A Cough In The Night

D3-cough1440Spasmodic croup in young children is an alarming condition, writes Caroline Illingworth.

When most people arrive at their holiday destination, they usually unpack, go into town, head to the beach or just kick back and start to unwind. On our last trip, the first thing we did was check out where the local hospital’s emergency department was. Fun, I know. But we have a good reason: our four-year-old son has a condition that can cause him to wake up in the middle of the night, struggling to breathe.

The first time it happened was the most frightening.

His condition, called spasmodic croup, is like ‘normal’ croup except that it comes on suddenly and severely, like an asthma attack. The lining of the upper airway swells up quickly, making it hard for air to get through. Sometimes there is no warning; at other times, a slight cold or runny nose puts us on alert. It’s more common in winter, but we’ve had episodes at other times too.

During the past year, we’ve had an ambulance to our house eight times, with most attendances ending in a trip to the hospital. On three occasions, our son’s attack was so severe that the paramedics had to give him adrenaline via a nebuliser.

The first time it happened was the most frightening. It started off with a strange sound that woke my husband and me; a barking, hacking echo that we first thought was an irate possum. We quickly realised it was coming from our son’s bedroom. Racing to him, we found him distressed and struggling to breathe. “Something… stuck… in… my… throat,” he managed to tell us, pointing at his neck and sucking in air. My husband ran to call an ambulance.

I can still clearly recall the utter fear and panic I felt.

The 10 minutes it took for the ambulance to arrive felt like an hour. At that point, we weren’t even sure what the attack was, which made it even more petrifying. I saw my little boy’s precious, short life flashing before me, and felt helpless to do anything except pray. Finally, the paramedics arrived and within minutes of their administering adrenaline, he was breathing more normally. But it took weeks before I stopped having flashbacks to that night, and I can still clearly recall the utter fear and panic I felt.

Our son had several more episodes in the months that followed before we realised this was not ‘normal’ croup. We had other friends and acquaintances whose children had suffered croup and they expressed surprise that we had had to ring an ambulance. We began to feel that perhaps we were overreacting, turning into the anxious, hovering parents we thought we’d never be.

Thankfully, all of the paramedics who treated our son reassured us that we were doing the right thing by calling them. The attacks were severe, and our son also had a history of asthma and other respiratory illnesses. “We would tell you if you were wasting our time,” one said.

During this time, we consulted our GP, a paediatrician, scoured the internet and spoke to other parents in an attempt to better understand our son’s condition. It was not until the sixth or seventh serious attack that we finally obtained an appointment to see a paediatric respiratory specialist. She gave us the diagnosis of spasmodic croup, as well as some reassurance (her son has the same condition and, at five, is improving and having less severe attacks). Unfortunately, there is no method of prevention or cure for spasmodic croup, but usually, children grow out of it by five or six years of age, as they grow bigger and their airway widens.

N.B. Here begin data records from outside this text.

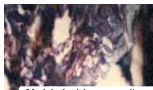
Un lobulo del tessuto adiposo
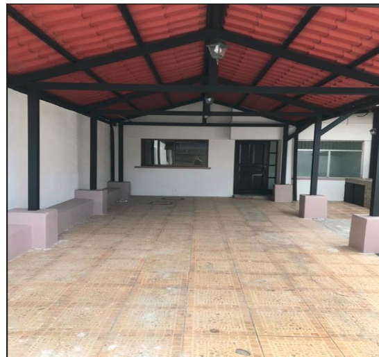
Vista de cochera
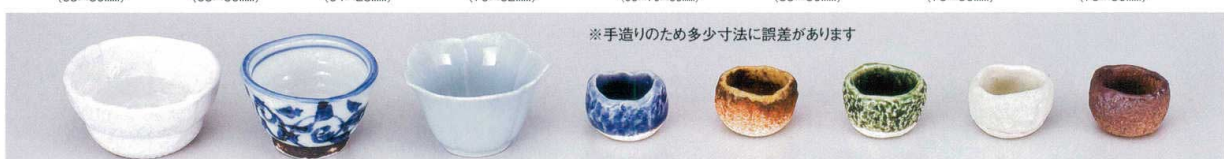
※手造りのため多少寸法に誤差があります 13525-316 540円 253108938 小雪珍珠 (80×39mm) 13526-306 540円 263013526 流唐草 珍珠 (70×43mm) 13527-256 370円 2520848 青白桔梗珍珠(小) (60×40mm) 13528-256 530円 2520849 青白桔梗珍珠(大) (80×55mm) 13529-336 550円 263313529 ツボ型藍釉珍珠 (約40×40×35mm) 13530-336 550円 263313530 ツボ型伊良保珍珠 (約40×40×35mm) 13531-336 550円 263313531 ツボ型織部珍珠 (約40×40×35mm) 13532-336 550円 263313532 ツボ型白釉珍珠 (約40×40×35mm) 13533-336 550円 263313533 ツボ型鉄釉珍珠 (約40×40×35mm)
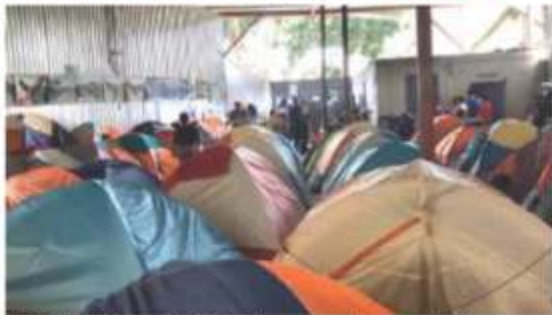
EL ALBERGUE Juventud 2000, en Tijuana, a su máxima capacidad.

• Pelegra estancia de 130 indocumentados; retiran apoyo estatal a Juventud 2000 que arrastra deudas de renta, luz, gas, agua...; el Presidente celebra reconocimiento de Trump por disminución de flujo migratorio págs. 3 y 4
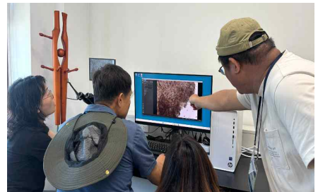
<버섯 육종 실습>

농촌진흥청(청장 이승돈)은 국내 버섯 산업의 경쟁력을 높이고 민간 버섯 육종가를 양성하기 위해 전문 단기 프로그램 '버섯사관학교'를 운영한다고 밝혔다.
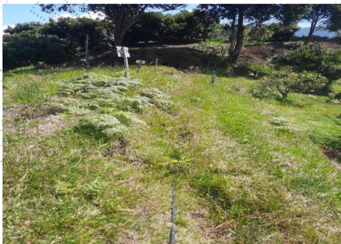
Manguera instalada sobre la antigua acequia
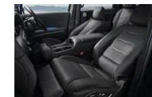
Modo Premium Relaxation en la primera fila
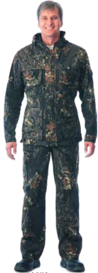
10272 КМФ «Лес»
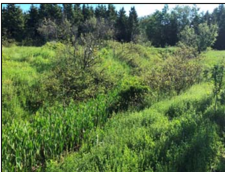
Vue vers l'aval du site de traversée
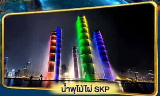
น้ำพุไม้ไฟ SKP
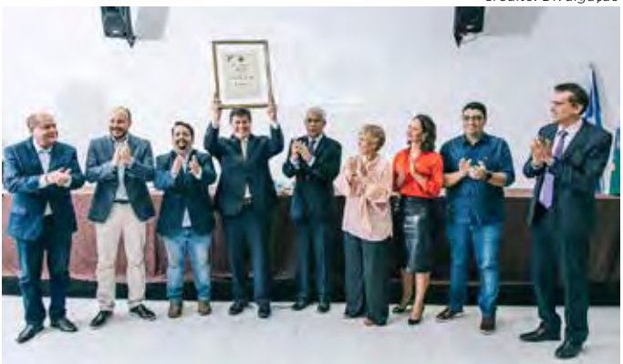
Deputado Baleia Rossi e autoridades na solenidade de entrega do título
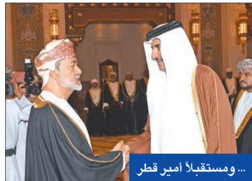
... ومستقبلاً أمير قطر
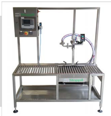
Table pondérale sur rouleaux
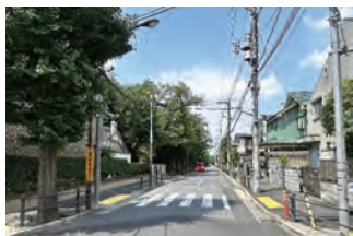
市道第16号線電柱撤去前
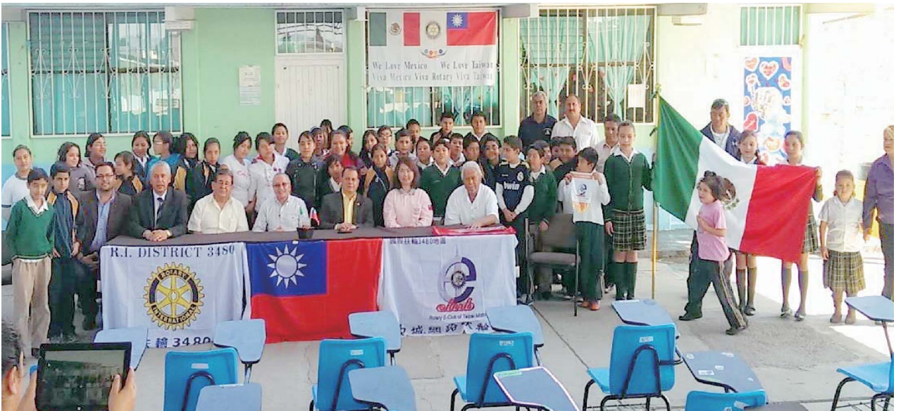
GG 1417611 D3480 中城網路社以 PHF 保羅·哈理斯與國際服務的合作夥伴 D4130 RC San Luis Potosi 合作興建電腦教室和廁所，同時拜訪小學與建地工程。

2013-14 年依 3480 地區國際主委 CP Aircon 之交代，率領台灣 3460、3480、3490、3520 四個地區（稱：ICC 創始地區）之代表，參加墨西哥第二屆 ICC 國際友好會議，在出訪前我們先請當時的 RI 社長當選人 Gary 在文件上簽署見證。到了墨西哥會議現場，因為只有當地總監出席，因此只好到各地區逐一拜訪、演講、遊說，終於在墨西哥停留的 45 天之內，順利地在三大扶輪會議中，取得墨西哥八個地區之總監的簽署，成功的完成了台灣／墨西哥 ICC 協議書。這是台灣 ICC 史上第一份簽署成

We are working hard to keep our son healthy

We are now well versed in what to do when one of these attacks comes on. While this helps, it doesn’t take away the anxiety we feel or the emotional and physical exhaustion of dealing with these stressful events, especially as we also have another child to look after.

In the meantime, we are working hard to keep our son healthy by continuing to give him nutritious food, and making sure he gets enough rest and plenty of fresh air. We’re trying supplements such as fish oil to boost his immune system, and we hope that this will have some benefit.

We’re also taking a few precautions for his safety and our stress levels. We can’t holiday anywhere too far from a hospital emergency department as we are not sure how long an ambulance will take to come (at home we know it’s about 10 minutes). We’ve decided that for this year we can’t leave him at night with babysitters, so our plans for dinners out together and with friends, now that our other son has turned one, have been put on hold.

These restraints on our lifestyle, while mildly annoying, still enable us to live the life we want to, for the most part. Unlike many other life-threatening illnesses, our son’s illness is one that he will more than likely grow out of. That, along with the fact that we live in a country where the medical care we need is affordable and accessible, is something for which we are thankful.